*** Opening Input material ***

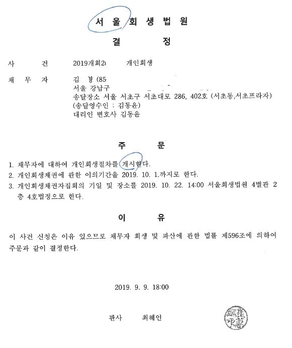 개인회생절차 개시결정문 (서울) 페이지 정보 작성자 김동윤 변호사 작성일19-09-17 16:42 조회7,258회 댓글0건 관련링크 이전글 다음글 목록 본문 서울회생법원 개인회생절차 개시결정문 댓글목록 등록된 댓글이 없습니다. 이전글 다음글 목록
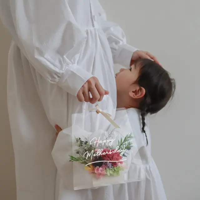 お誕生日・母の日・ありがとう・おめでとうの気持ちを贈る、ナチュラルでおしゃれなフラワートートが新登場。アレンジは全8種の中からお好きなお花をクリアトートに入れてお届けします。バッグ型になっているから渡しやすく、飾っておしゃれなムードに。今時おしゃれなフラワーギフトを贈りたい方におすすめです。 - SPEC
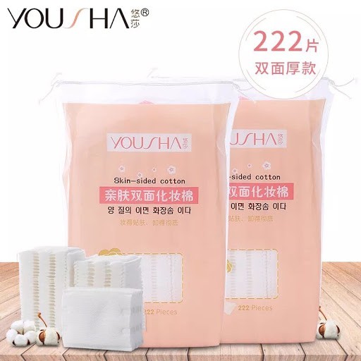 Combo 222 bông tây trang Yousha. Túi đựng 222 cái có dây thắt thiết kế tiện lợi, đơn giản giúp buộc miệng túi chống bụi. Thấm hút nhanh chóng, tẩy sạch bụi bẩn li ti mà không làm da bị tổn thương. Thiết kế nhỏ gọn, dễ dàng mang theo và sử dụng
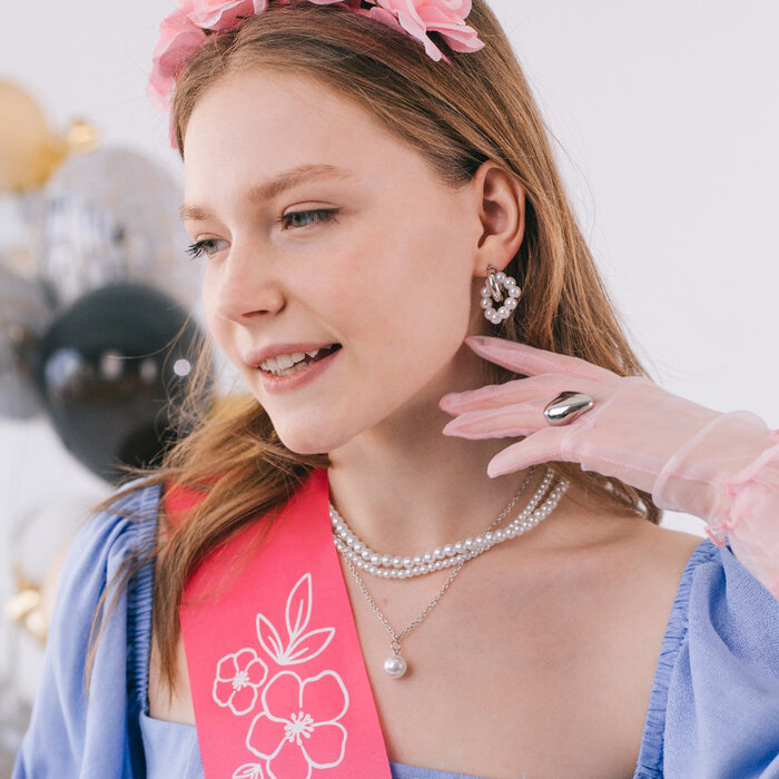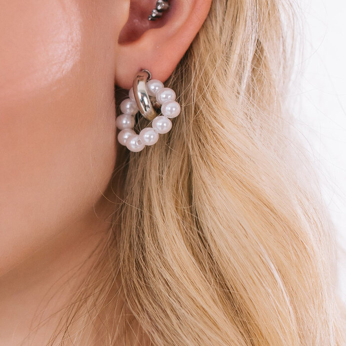 Бижу комплект серьги женские со съёмным элементом, 2 жемчужных кольца, цвет белый в серебре, 1 пара
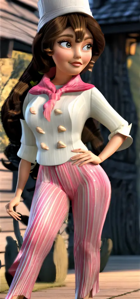 g3lata, 1girl, solo, brown hair, long hair, low ponytail, brown eyes, lipstick, pointy ears, chef, chef hat, flat top chef hat, double-breasted jacket, ascot, short sleeves, long skirt, striped pants, flats
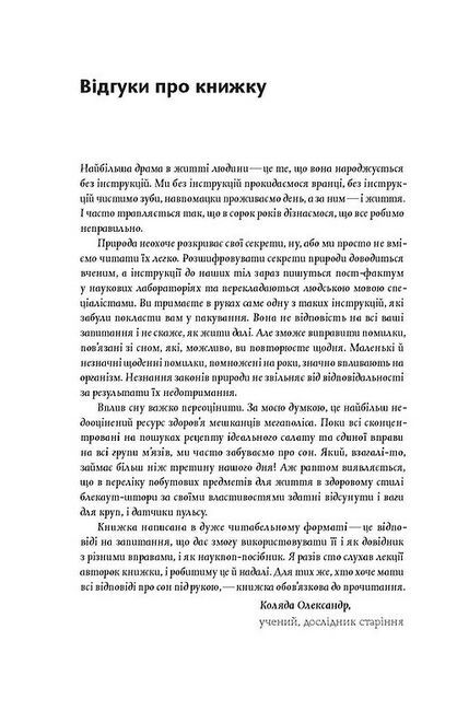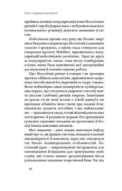 Коли я нарешті висплюся? Це питання ми ставимо собі роками, переконуючи самих себе в тому, що ось уже незабаром (після школи/іспитів/роботи/на старості) налагодимо цей процес. Переконуємо себе так, наче в цьому є щось складне, а у нас — необмежений запас часу. Погані й гарні новини разом: часу в нас мало, але, на щастя, у наших біологічних ритмах немає жодної магії. Сон і біологічний годинник, за яким ми живемо, — хай які складні в роботі механізми, та все ж їх можна налаштувати. Достатньо лише зрозуміти, як усе це працює. Саме ці процеси у книжці «Коли я нарешті висплюся? Як засинати і прокидатися із задоволенням» пояснюють біологині Ольга Маслова та Ніка Бєльська.

*** Closing Input material ***

What you are asked to do ▸ Quote every record above exactly, leaving out any pictures.

Response area ▸
 개인회생절차 개시결정문 (서울) 페이지 정보 작성자 김동윤 변호사 작성일19-09-17 16:42 조회7,258회 댓글0건 관련링크 이전글 다음글 목록 본문 서울회생법원 개인회생절차 개시결정문 댓글목록 등록된 댓글이 없습니다. 이전글 다음글 목록
 お誕生日・母の日・ありがとう・おめでとうの気持ちを贈る、ナチュラルでおしゃれなフラワートートが新登場。アレンジは全8種の中からお好きなお花をクリアトートに入れてお届けします。バッグ型になっているから渡しやすく、飾っておしゃれなムードに。今時おしゃれなフラワーギフトを贈りたい方におすすめです。 - SPEC
 Combo 222 bông tây trang Yousha. Túi đựng 222 cái có dây thắt thiết kế tiện lợi, đơn giản giúp buộc miệng túi chống bụi. Thấm hút nhanh chóng, tẩy sạch bụi bẩn li ti mà không làm da bị tổn thương. Thiết kế nhỏ gọn, dễ dàng mang theo và sử dụng
 Бижу комплект серьги женские со съёмным элементом, 2 жемчужных кольца, цвет белый в серебре, 1 пара
 g3lata, 1girl, solo, brown hair, long hair, low ponytail, brown eyes, lipstick, pointy ears, chef, chef hat, flat top chef hat, double-breasted jacket, ascot, short sleeves, long skirt, striped pants, flats
 Коли я нарешті висплюся? Це питання ми ставимо собі роками, переконуючи самих себе в тому, що ось уже незабаром (після школи/іспитів/роботи/на старості) налагодимо цей процес. Переконуємо себе так, наче в цьому є щось складне, а у нас — необмежений запас часу. Погані й гарні новини разом: часу в нас мало, але, на щастя, у наших біологічних ритмах немає жодної магії. Сон і біологічний годинник, за яким ми живемо, — хай які складні в роботі механізми, та все ж їх можна налаштувати. Достатньо лише зрозуміти, як усе це працює. Саме ці процеси у книжці «Коли я нарешті висплюся? Як засинати і прокидатися із задоволенням» пояснюють біологині Ольга Маслова та Ніка Бєльська.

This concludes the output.